I last used this platform during shutdown, to teach. Good morning from a bunch of birds in the lawn-turned-meadow, and too much milky coffee, and I tried Morgan’s insomnia trick at 1:30 am, and I think it worked?
I am writing to announce a new book, American Weather, out last week and available for purchase from NewLights Press. Here’s my author’s note, which I wrote for the publisher, and which was picked up by The Rocky Mountain Reader:
I have written from dream, from image, from urgency, from sound, from a beat, from a question, from a conversation with the dead, from time keeping or a desire to keep time, from grief, from jokes, from scraps.
“American Weather” began in anger. I was angry that we could all so fail one of our number that that person could arm himself with long guns, walk down some blocks designed for humans to walk, shoot people, and kill them.
This happened on Halloween, in 2015, a few blocks from my home. There was a girl trick-or-treating as a jellyfish that year. She wore strings of lights and stood under a clear umbrella with iridescent streamers hanging from it. Who isn’t a lantern? But there she was, so visibly a lantern, moving up and down the block, and the beauty of that, on a holiday of such trust and vulnerability—strangers begging candy from strangers—it did me in.

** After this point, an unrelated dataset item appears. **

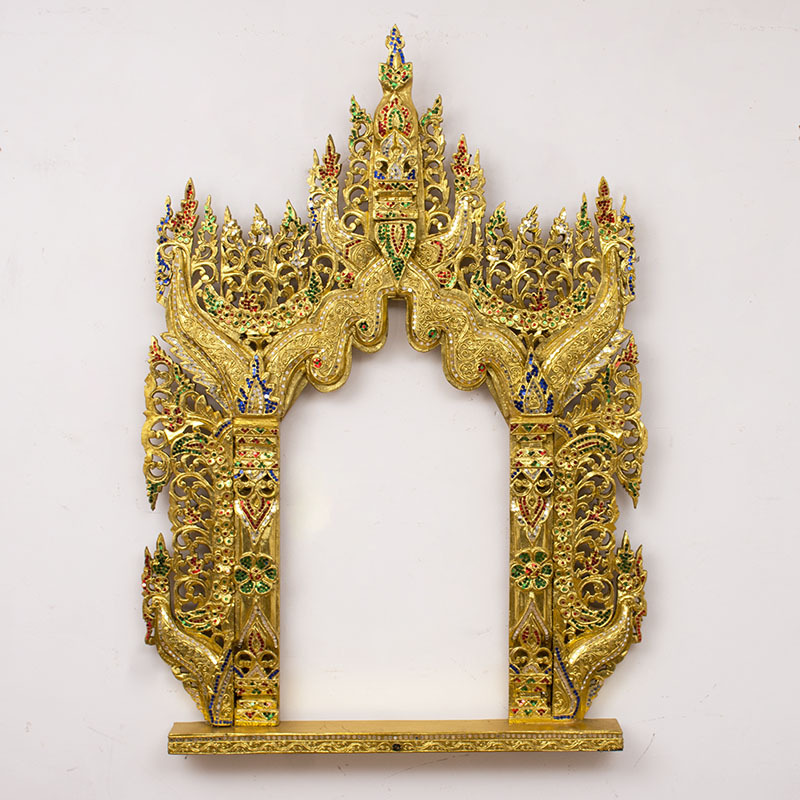 東南アジア風の金色の仏壇の額縁のタイの木彫りの金箔の壁掛けのタイ式のクラブハウスの柔らかい壁の装飾品

I thought about how much worse (a familiar and grotesque calculus) it would have been had our neighbor, the shooter, walked out in the evening instead of in the morning. I tried to make sure my children didn’t even know what had happened that morning, all they needed to know was what could be, what must be: a world where they never have to hide from a “shooter,” or become a shooter, and neither do you.

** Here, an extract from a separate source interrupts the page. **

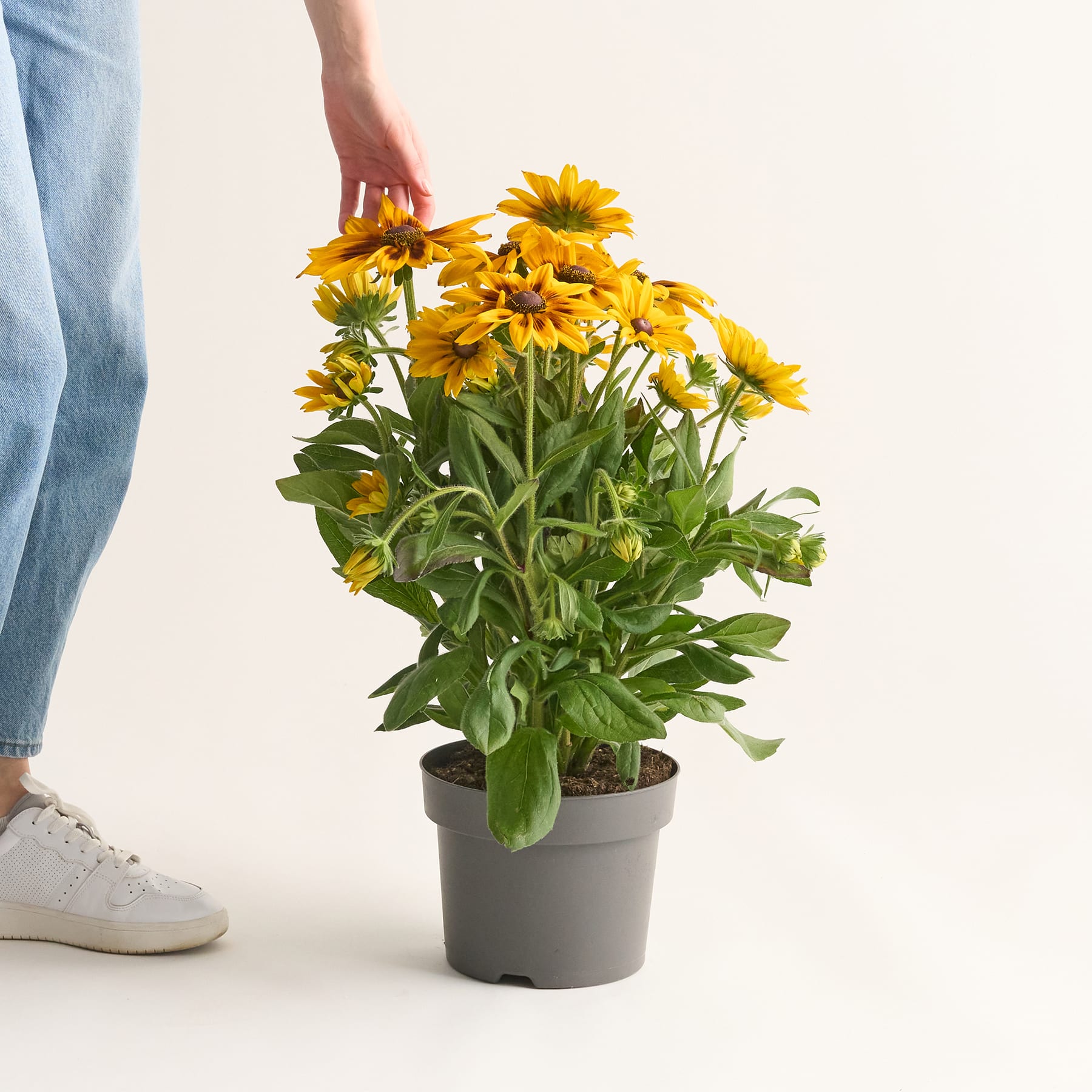 Groß, golden, leuchtend – so zeigt sich der Sonnenhut 'Sunbeckia® Alicia' Gelb/Orange. Die Sorte Rudbeckia hirta begeistert mit stabilen Blütenstielen, leuchtendem Farbverlauf und einer besonders langen Blütezeit. Sie liebt es sonnig und dank ihrer kräftigen Wuchsform bleibt sie selbst bei Wind und Wetter aufrecht. Gib ihr einen Platz mit nährstoffreichem, gut drainiertem Boden und halte den Boden konstant leicht feucht. Der Wasserbedarf ist moderat, besonders an heißen Tagen lohnt sich ein Griff zur Gießkanne. Diese Pflanze ist perfekt für Beete oder Kübel und sorgt vom Hochsommer bis in den Spätherbst für Farbe. Ein sonniges Statement für deinen Garten!

To write this essay-turned-book I joined the NRA, and learned how to shoot a gun; thought about public space (“front porch” vs. “back-yard culture”), and race; interviewed the neighbor who owned the Kwik-Mart and the one who owned Catch A Fade; interviewed my older sister after a mud-covered man shouting about a war broke into her home; read about District of Columbia v. Heller, and the history of the NRA; took my employer’s active-shooter training on a college campus that has since lost students to gun violence; and so forth.
A shorter form of the essay was published by VQR. As part of their editorial process, I worked with a fact-checker so thorough that she ended up fact-checking The Atlantic in the process. Only primary sources stood.
Aaron Cohick, genius printer and founder of NewLights Press, noted some years later that this long-form essay remained sadly relevant, and suggested it be a book. That book became a collaboration with the artist Corie Cole, who made finely detailed monochrome underglaze paintings of guns being sawed, melted, forged, and smithed into garden tools by Mike Martin and the good people at RAWTools. I wrote the book’s afterword—another essay—after hanging around that shop, and its radiant people, and after attending a gun buyback.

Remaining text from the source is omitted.